## Task goal
Your output should reproduce each entry exactly, with none of its pictures.

*** Begin section ***

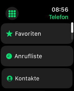 Aplikacja telefonu oferuje dostęp do list połączeń, wszystkich kontaktów sparowanego smartfona i skrzynki pocztowej. Dostępna jest również klawiatura numeryczna do ręcznego wprowadzania danych. Aplikacja Walkie-Talkie umożliwia wykonywanie połączeń bezpośrednio z Apple Watch na Apple Watch.
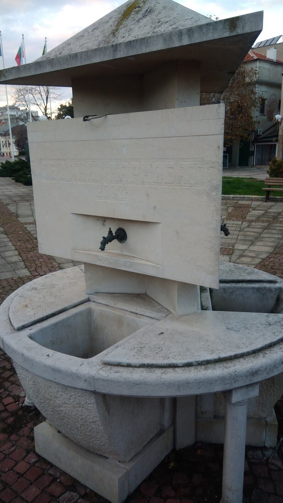 В центъра на един неголям парк, намиращ се до храма "Свети Йоан Богослов", се извисява тристранна чешма, изработена от мрамор. От едната страна има стъпало, за да могат и най-малките деца, идващи в парка, да се напият лесно. Надписът върху нея гласи: Община Карнобат 2002.
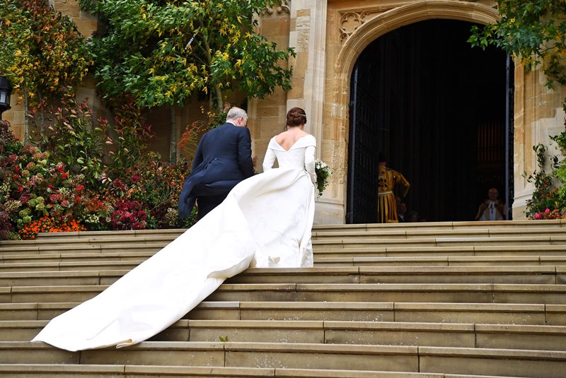 وقال قصر بكنغهام في بيان: "الظهر المكشوف للفستان كان طلبا خاصا من الأميرة يوجيني التي خضعت لجراحة وهي في سن الـ12 لتصحيح انحراف في العمود الفقري".
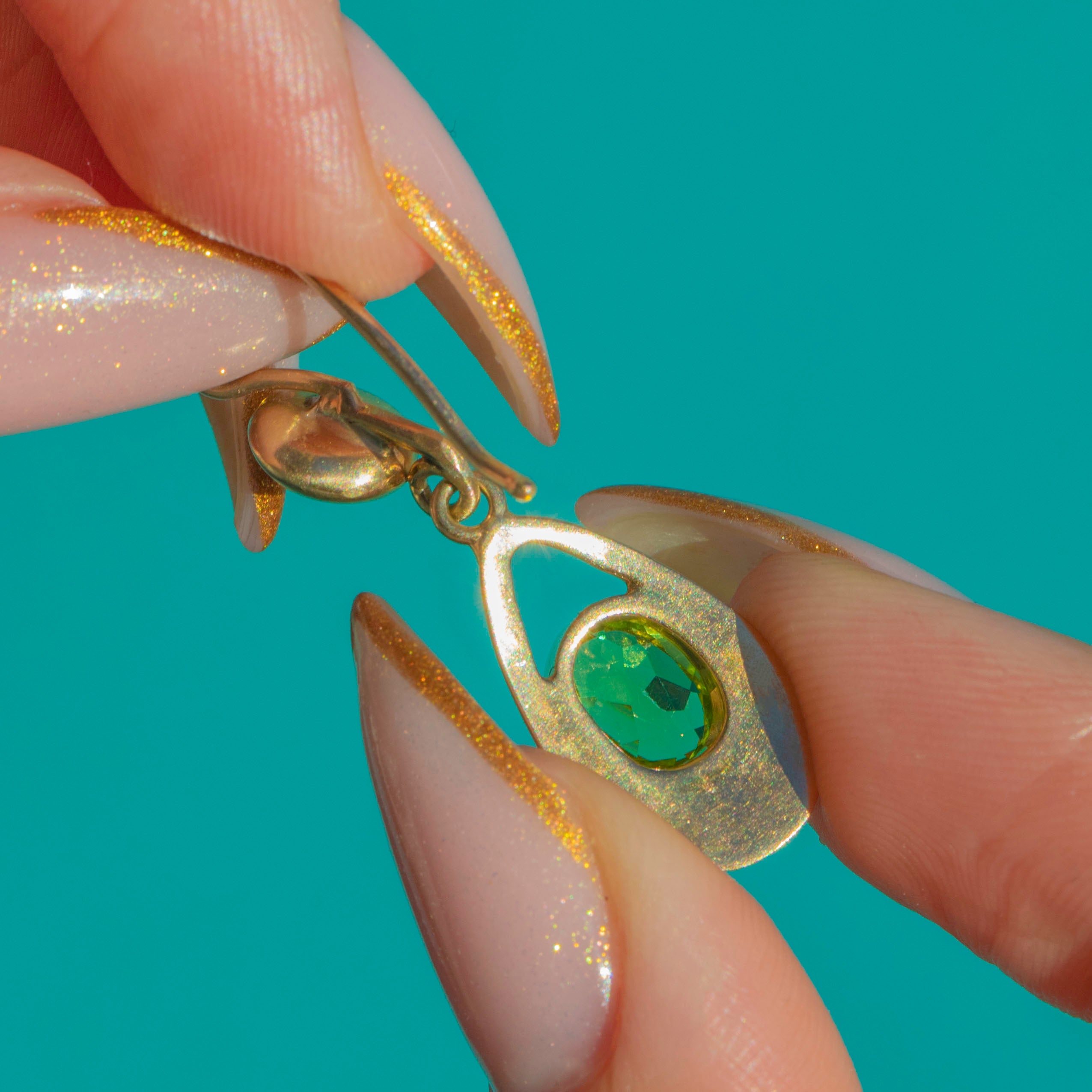 These dreamy Art Nouveau drop earrings are all about movement, line and luminous colour. Crafted in rich 14ct Gold, each earring features an open teardrop frame that curves gracefully around a vivid green Peridot, creating that soft, organic silhouette the era is so loved for.
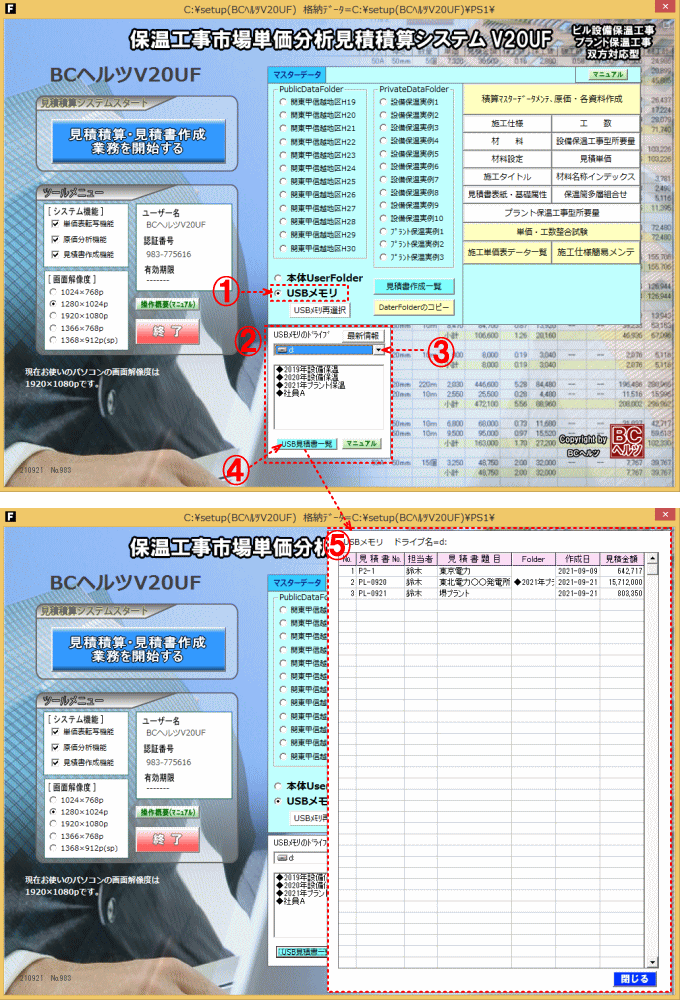 | 【USBメモリ内各見積積算フォルダ】 USBメモリ内に存在する見積積算各フォルダの内容を一覧表示します。 | |||

*** End section ***

## Reply
 Aplikacja telefonu oferuje dostęp do list połączeń, wszystkich kontaktów sparowanego smartfona i skrzynki pocztowej. Dostępna jest również klawiatura numeryczna do ręcznego wprowadzania danych. Aplikacja Walkie-Talkie umożliwia wykonywanie połączeń bezpośrednio z Apple Watch na Apple Watch.
 В центъра на един неголям парк, намиращ се до храма "Свети Йоан Богослов", се извисява тристранна чешма, изработена от мрамор. От едната страна има стъпало, за да могат и най-малките деца, идващи в парка, да се напият лесно. Надписът върху нея гласи: Община Карнобат 2002.
 وقال قصر بكنغهام في بيان: "الظهر المكشوف للفستان كان طلبا خاصا من الأميرة يوجيني التي خضعت لجراحة وهي في سن الـ12 لتصحيح انحراف في العمود الفقري".
 These dreamy Art Nouveau drop earrings are all about movement, line and luminous colour. Crafted in rich 14ct Gold, each earring features an open teardrop frame that curves gracefully around a vivid green Peridot, creating that soft, organic silhouette the era is so loved for.
 | 【USBメモリ内各見積積算フォルダ】 USBメモリ内に存在する見積積算各フォルダの内容を一覧表示します。 | |||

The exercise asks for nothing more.